Tachygastria can be induced by activation of neural pathways. The best model for this is circular vection, in which a subject placed within a revolving drum experiences a sensation of selfrotation and motion sickness. This experimental motion sickness is associated with release of catecholamine and β-endorphin and is blocked by atropine suggesting the involvement of adrenergic, opiate, and cholinergic neural pathways.

Several hormones can modify the slow wave frequency in canine and human models. Intravenous metenkephalin and β-endorphin induce tachygastria, bradygastria, and mixed arrhythmias in dogs. Similarly gastric dysrhythmic capabilities have been demonstrated for insulin, secretin, cholecystokinin, pentagastrin, glucagon, and somatostatin. Dysrhythmias resulting from these hormones exhibit characteristics very similar to spontaneous slow wave disturbances suggesting possible roles as physiologic mediators.

Prostaglandin E₂ induces both tachygastria and bradygastria in dogs. In isolated gastric muscle, prostaglandin E₂ increases the spontaneous electrical frequency, with shortening and reduction of the amplitude of the plateau potential, whereas the prostaglandin synthesis inhibitor, indomethacin, decreases the slow wave frequency with plateau potential enhancement, suggesting that endogenous prostaglandins act as physiologic accelerants of the gastric slow wave.

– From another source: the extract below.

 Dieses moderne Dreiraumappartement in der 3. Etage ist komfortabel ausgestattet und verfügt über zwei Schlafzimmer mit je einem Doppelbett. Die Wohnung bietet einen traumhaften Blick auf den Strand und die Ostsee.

Indomethacin prevents dysrhythmias induced by met-enkephalin in dogs. In gastric smooth muscle tissue from a patient who underwent antrectomy for gastroparesis, indomethacin reduced the electrical cycling rate from 9 cpm to 3 cpm, which was associated with prolongation of the plateau potential and increased contractile activity. These studies suggest a role for endogenous prostaglandins in both pharmacologically-induced and spontaneous gastric dysrhythmias.

Clinical conditions associated with gastric dysrhythmias[7-9]

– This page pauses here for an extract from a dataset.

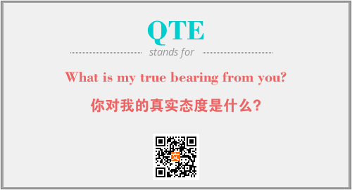 以上为What is my true bearing from you?英文缩略词QTE的中文解释,以及该英文缩写在英语的流行度、分类和应用领域方面的信息。

In healthy individuals, the incidence of tachygastria, bradygastria, or mixed arrhythmia is extremely low, however several clinical syndromes have been shown to be associated with an increased frequency of gastric dysrhythmias.

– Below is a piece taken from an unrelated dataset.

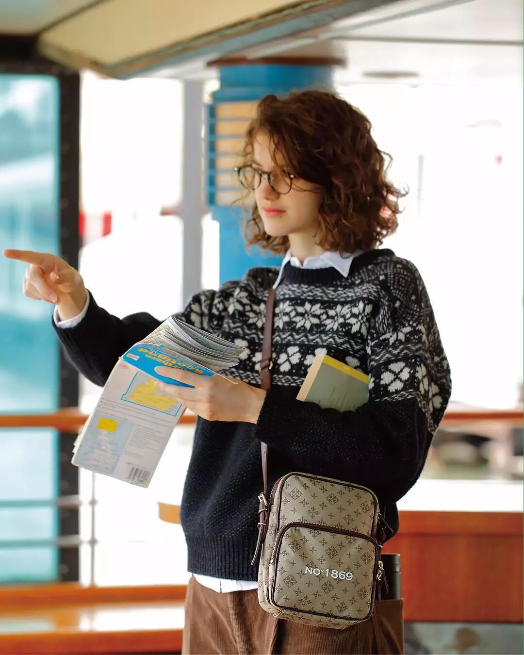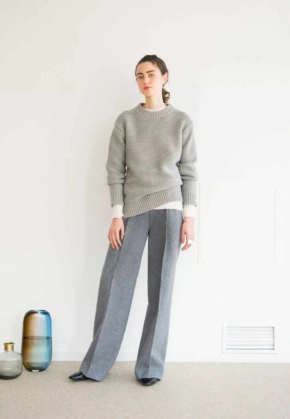 或者內搭的襯衫只比外面的毛衣長一點點,只露一點點邊,修飾一下就好,對整體的比例起不到大影響。▼

The presence of gastric dysrhythmias with these syndromes is associated with nausea and vomiting and, in many instances, with delays in gastric emptying as demonstrated by radionuclide gastric emptying scans.

In diabetic gastroparesis, 9 of 10 patients in one study had tachygastria whereas a second study of 6 patients reported 1 with tachygastria, 2 with bradygastria, and 3 with a flatline EGG pattern. Other investigatorshave documented normal slow wave frequencies in diabetics with gastroparesis; However in these patients the normal increase in EGG signal amplitude after meal ingestion was not seen. Thus several different slow wave disturbances may be found in diabetes. The slow wave disturbances found in diabetic gastroparesis may be mimicked by induction of acute hyperglycemia in healthy volunteers suggesting that elevated plasma glucose by itself may be disruptive to slow wave rhythmicity.

The other major groups of individuals to be evaluated with EGG are those with unexplained nausea and vomiting and those with idiopathic gastroparesis. Nine of 14 patients with unexplained nausea in one study had runs of tachygastria or mixed arrhythmia. A larger study compared EGG findings in 48 patients with idiopathic nausea with 52 healthy volunteers. Twenty-three of the 48 patients had either mixed arrhythmias, tachygastria, or loss of the physiologic increase in signal amplitude after a meal whereas none of the healthy volunteers exhibits abnormalities. The loss of the signal amplitude increase after a meal correlate d with delays in gastric emptying in these patients.

The source of the abnormality causing slow wave disturbances in idiopathic gastroparesis is unknown. A microscopic analysis of the gastric wall from a 5 mo old child with unexplained gastric retention revealed no abnormalities in the smooth muscle or myenteric plexus, but electrophysiologic studies showed reduction of plateau potential duration and amplitude.

Other clinical conditions associated with gastric dysrhythmia include the nausea of the first trimester of pregnancy, anorexia nervosa, motion sickness, and is chemic gastroparesis. The gastric dysrhythmias noted during pregnancy may be reproduced by administration of progesterone with or without estradiol suggesting a hormonal etiology of the slow wave disturbances.